**REQUIREMENT:** The goal here is an exact copy of the entries below, without their pictures.

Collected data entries
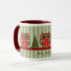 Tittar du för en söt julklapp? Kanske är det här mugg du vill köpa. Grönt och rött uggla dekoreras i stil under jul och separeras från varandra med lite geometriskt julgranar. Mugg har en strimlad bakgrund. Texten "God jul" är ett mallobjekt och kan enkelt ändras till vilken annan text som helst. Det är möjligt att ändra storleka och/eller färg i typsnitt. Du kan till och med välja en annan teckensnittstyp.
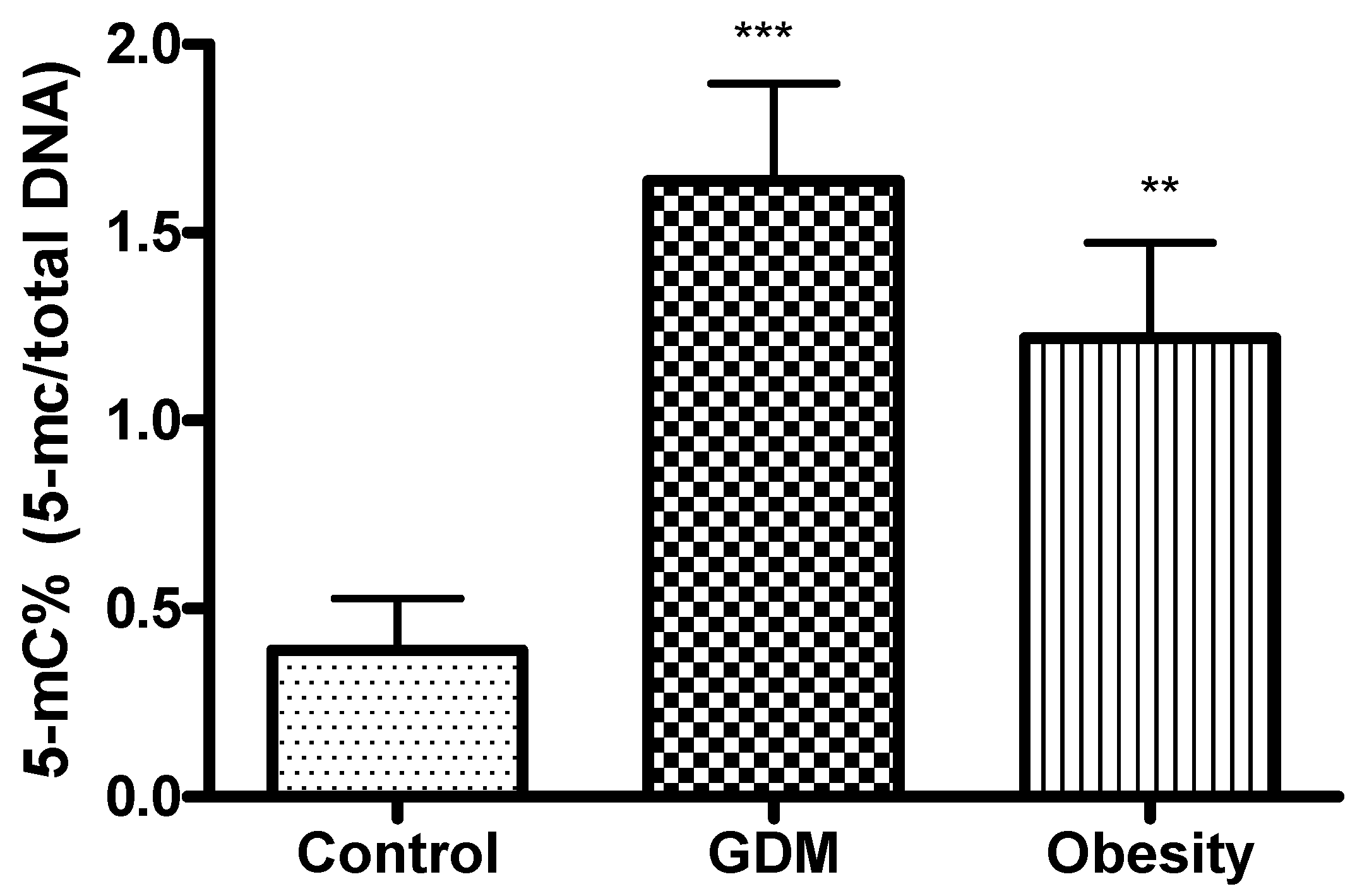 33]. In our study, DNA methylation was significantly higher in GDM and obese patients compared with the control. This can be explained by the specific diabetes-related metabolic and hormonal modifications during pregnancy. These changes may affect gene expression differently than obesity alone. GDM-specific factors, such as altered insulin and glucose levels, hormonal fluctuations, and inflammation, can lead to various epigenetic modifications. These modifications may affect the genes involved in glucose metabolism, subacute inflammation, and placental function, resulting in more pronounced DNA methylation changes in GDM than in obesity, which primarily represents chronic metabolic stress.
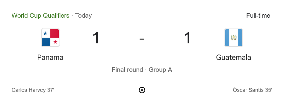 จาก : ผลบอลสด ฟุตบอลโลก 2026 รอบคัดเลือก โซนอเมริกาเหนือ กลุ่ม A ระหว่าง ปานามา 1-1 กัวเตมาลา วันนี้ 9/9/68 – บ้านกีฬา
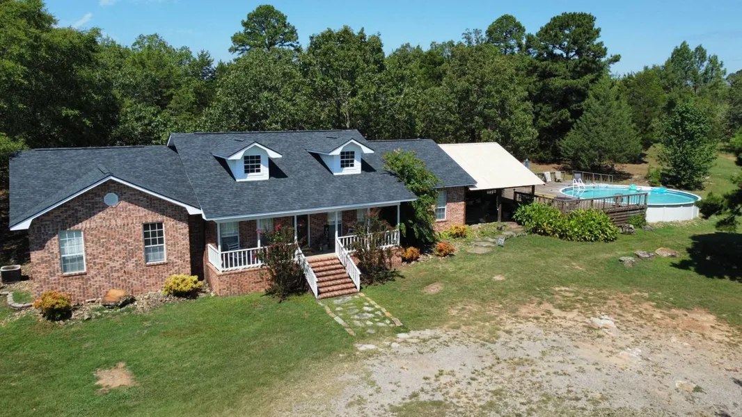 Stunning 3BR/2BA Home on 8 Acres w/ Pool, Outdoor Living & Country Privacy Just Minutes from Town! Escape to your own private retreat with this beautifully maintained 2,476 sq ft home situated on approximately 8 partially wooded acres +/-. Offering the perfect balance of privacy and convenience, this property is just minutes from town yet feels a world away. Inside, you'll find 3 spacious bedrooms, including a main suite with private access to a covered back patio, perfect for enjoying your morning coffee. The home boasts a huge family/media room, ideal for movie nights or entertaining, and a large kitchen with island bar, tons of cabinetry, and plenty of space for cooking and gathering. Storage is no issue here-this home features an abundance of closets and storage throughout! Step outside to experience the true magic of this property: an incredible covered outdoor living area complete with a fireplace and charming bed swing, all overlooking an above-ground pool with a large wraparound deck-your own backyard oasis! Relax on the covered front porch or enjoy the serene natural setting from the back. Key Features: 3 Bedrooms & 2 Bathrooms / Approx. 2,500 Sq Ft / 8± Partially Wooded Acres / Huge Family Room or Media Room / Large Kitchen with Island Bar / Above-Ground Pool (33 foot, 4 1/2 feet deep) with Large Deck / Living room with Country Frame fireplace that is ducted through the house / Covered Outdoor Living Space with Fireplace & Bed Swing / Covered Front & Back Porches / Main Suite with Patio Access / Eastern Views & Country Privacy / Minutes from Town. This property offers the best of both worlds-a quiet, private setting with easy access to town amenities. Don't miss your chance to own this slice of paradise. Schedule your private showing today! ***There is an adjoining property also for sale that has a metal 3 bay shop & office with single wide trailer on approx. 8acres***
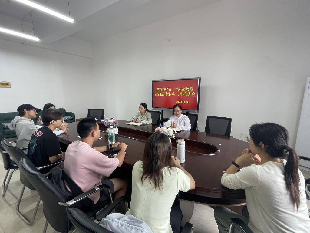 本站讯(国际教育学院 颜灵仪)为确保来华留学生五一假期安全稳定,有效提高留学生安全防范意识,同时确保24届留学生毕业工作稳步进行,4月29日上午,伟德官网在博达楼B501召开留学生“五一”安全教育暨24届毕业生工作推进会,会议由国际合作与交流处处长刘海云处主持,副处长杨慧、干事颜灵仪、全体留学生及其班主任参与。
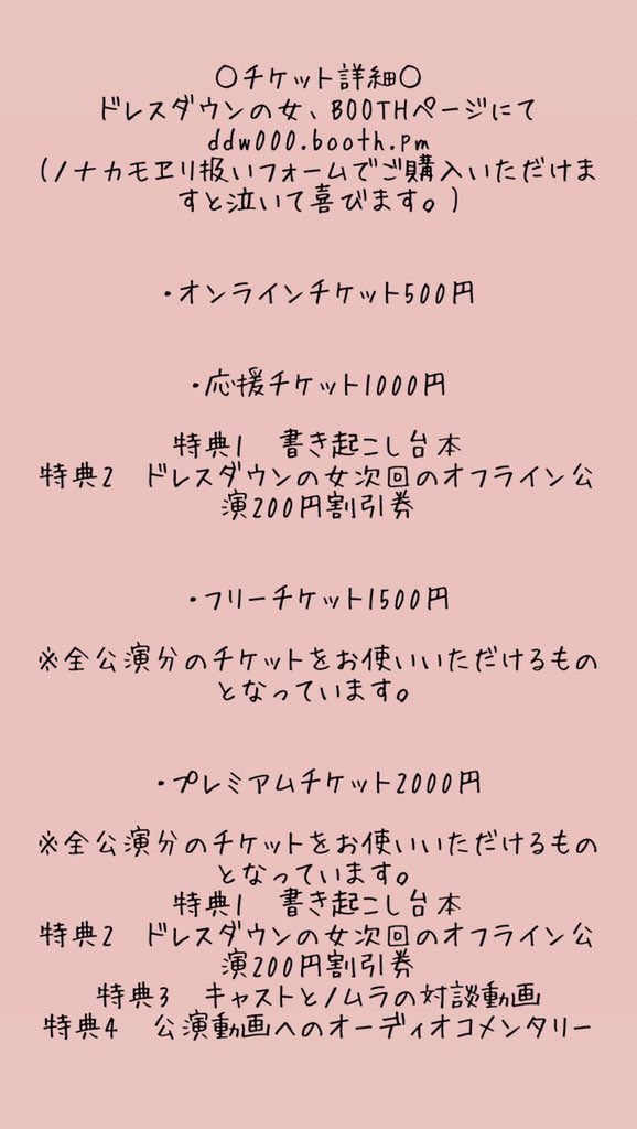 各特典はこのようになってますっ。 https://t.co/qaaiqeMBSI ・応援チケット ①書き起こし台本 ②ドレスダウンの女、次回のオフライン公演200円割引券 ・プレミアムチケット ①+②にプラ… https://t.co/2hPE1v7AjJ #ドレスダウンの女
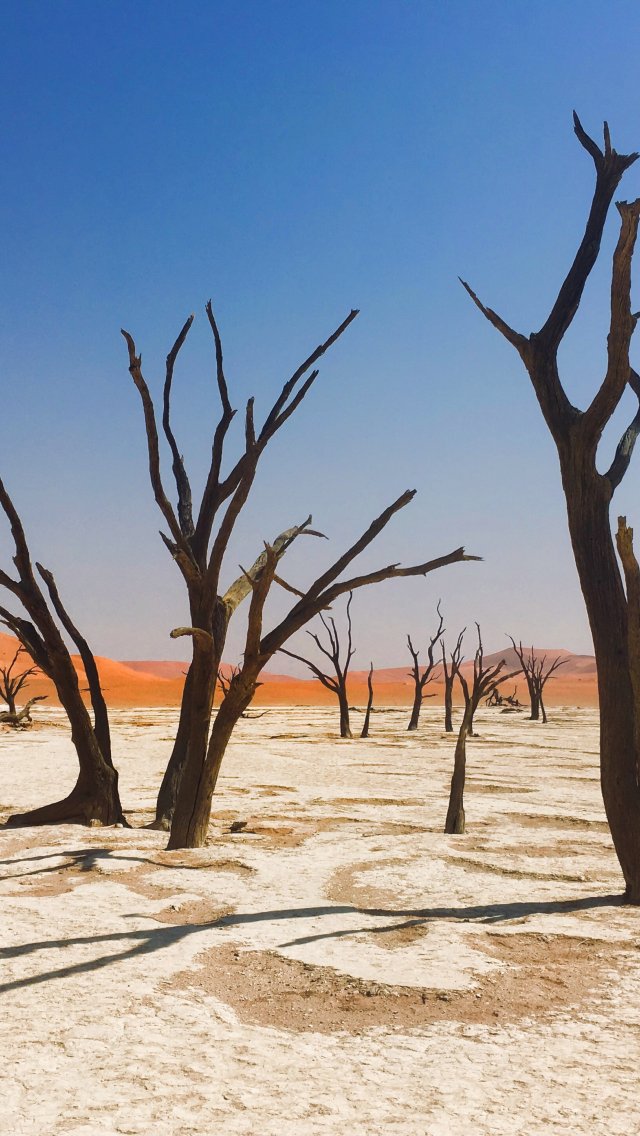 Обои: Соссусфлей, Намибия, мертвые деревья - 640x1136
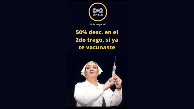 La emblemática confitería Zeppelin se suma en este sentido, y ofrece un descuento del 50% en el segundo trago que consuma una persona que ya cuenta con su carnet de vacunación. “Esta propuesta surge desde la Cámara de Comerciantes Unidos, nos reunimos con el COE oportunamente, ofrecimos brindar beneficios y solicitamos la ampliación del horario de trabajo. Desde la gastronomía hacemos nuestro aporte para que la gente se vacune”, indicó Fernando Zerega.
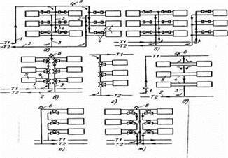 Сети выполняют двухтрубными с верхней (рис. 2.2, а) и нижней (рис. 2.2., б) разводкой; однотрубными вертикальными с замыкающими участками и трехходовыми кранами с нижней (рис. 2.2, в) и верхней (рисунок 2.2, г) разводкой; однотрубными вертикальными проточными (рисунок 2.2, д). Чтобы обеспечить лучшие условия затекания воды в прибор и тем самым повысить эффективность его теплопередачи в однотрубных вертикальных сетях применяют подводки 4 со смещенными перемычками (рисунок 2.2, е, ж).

**ANSWER BOX:**
 Tittar du för en söt julklapp? Kanske är det här mugg du vill köpa. Grönt och rött uggla dekoreras i stil under jul och separeras från varandra med lite geometriskt julgranar. Mugg har en strimlad bakgrund. Texten "God jul" är ett mallobjekt och kan enkelt ändras till vilken annan text som helst. Det är möjligt att ändra storleka och/eller färg i typsnitt. Du kan till och med välja en annan teckensnittstyp.
 33]. In our study, DNA methylation was significantly higher in GDM and obese patients compared with the control. This can be explained by the specific diabetes-related metabolic and hormonal modifications during pregnancy. These changes may affect gene expression differently than obesity alone. GDM-specific factors, such as altered insulin and glucose levels, hormonal fluctuations, and inflammation, can lead to various epigenetic modifications. These modifications may affect the genes involved in glucose metabolism, subacute inflammation, and placental function, resulting in more pronounced DNA methylation changes in GDM than in obesity, which primarily represents chronic metabolic stress.
 จาก : ผลบอลสด ฟุตบอลโลก 2026 รอบคัดเลือก โซนอเมริกาเหนือ กลุ่ม A ระหว่าง ปานามา 1-1 กัวเตมาลา วันนี้ 9/9/68 – บ้านกีฬา
 Stunning 3BR/2BA Home on 8 Acres w/ Pool, Outdoor Living & Country Privacy Just Minutes from Town! Escape to your own private retreat with this beautifully maintained 2,476 sq ft home situated on approximately 8 partially wooded acres +/-. Offering the perfect balance of privacy and convenience, this property is just minutes from town yet feels a world away. Inside, you'll find 3 spacious bedrooms, including a main suite with private access to a covered back patio, perfect for enjoying your morning coffee. The home boasts a huge family/media room, ideal for movie nights or entertaining, and a large kitchen with island bar, tons of cabinetry, and plenty of space for cooking and gathering. Storage is no issue here-this home features an abundance of closets and storage throughout! Step outside to experience the true magic of this property: an incredible covered outdoor living area complete with a fireplace and charming bed swing, all overlooking an above-ground pool with a large wraparound deck-your own backyard oasis! Relax on the covered front porch or enjoy the serene natural setting from the back. Key Features: 3 Bedrooms & 2 Bathrooms / Approx. 2,500 Sq Ft / 8± Partially Wooded Acres / Huge Family Room or Media Room / Large Kitchen with Island Bar / Above-Ground Pool (33 foot, 4 1/2 feet deep) with Large Deck / Living room with Country Frame fireplace that is ducted through the house / Covered Outdoor Living Space with Fireplace & Bed Swing / Covered Front & Back Porches / Main Suite with Patio Access / Eastern Views & Country Privacy / Minutes from Town. This property offers the best of both worlds-a quiet, private setting with easy access to town amenities. Don't miss your chance to own this slice of paradise. Schedule your private showing today! ***There is an adjoining property also for sale that has a metal 3 bay shop & office with single wide trailer on approx. 8acres***
 本站讯(国际教育学院 颜灵仪)为确保来华留学生五一假期安全稳定,有效提高留学生安全防范意识,同时确保24届留学生毕业工作稳步进行,4月29日上午,伟德官网在博达楼B501召开留学生“五一”安全教育暨24届毕业生工作推进会,会议由国际合作与交流处处长刘海云处主持,副处长杨慧、干事颜灵仪、全体留学生及其班主任参与。
 各特典はこのようになってますっ。 https://t.co/qaaiqeMBSI ・応援チケット ①書き起こし台本 ②ドレスダウンの女、次回のオフライン公演200円割引券 ・プレミアムチケット ①+②にプラ… https://t.co/2hPE1v7AjJ #ドレスダウンの女
 Обои: Соссусфлей, Намибия, мертвые деревья - 640x1136
 La emblemática confitería Zeppelin se suma en este sentido, y ofrece un descuento del 50% en el segundo trago que consuma una persona que ya cuenta con su carnet de vacunación. “Esta propuesta surge desde la Cámara de Comerciantes Unidos, nos reunimos con el COE oportunamente, ofrecimos brindar beneficios y solicitamos la ampliación del horario de trabajo. Desde la gastronomía hacemos nuestro aporte para que la gente se vacune”, indicó Fernando Zerega.
 Сети выполняют двухтрубными с верхней (рис. 2.2, а) и нижней (рис. 2.2., б) разводкой; однотрубными вертикальными с замыкающими участками и трехходовыми кранами с нижней (рис. 2.2, в) и верхней (рисунок 2.2, г) разводкой; однотрубными вертикальными проточными (рисунок 2.2, д). Чтобы обеспечить лучшие условия затекания воды в прибор и тем самым повысить эффективность его теплопередачи в однотрубных вертикальных сетях применяют подводки 4 со смещенными перемычками (рисунок 2.2, е, ж).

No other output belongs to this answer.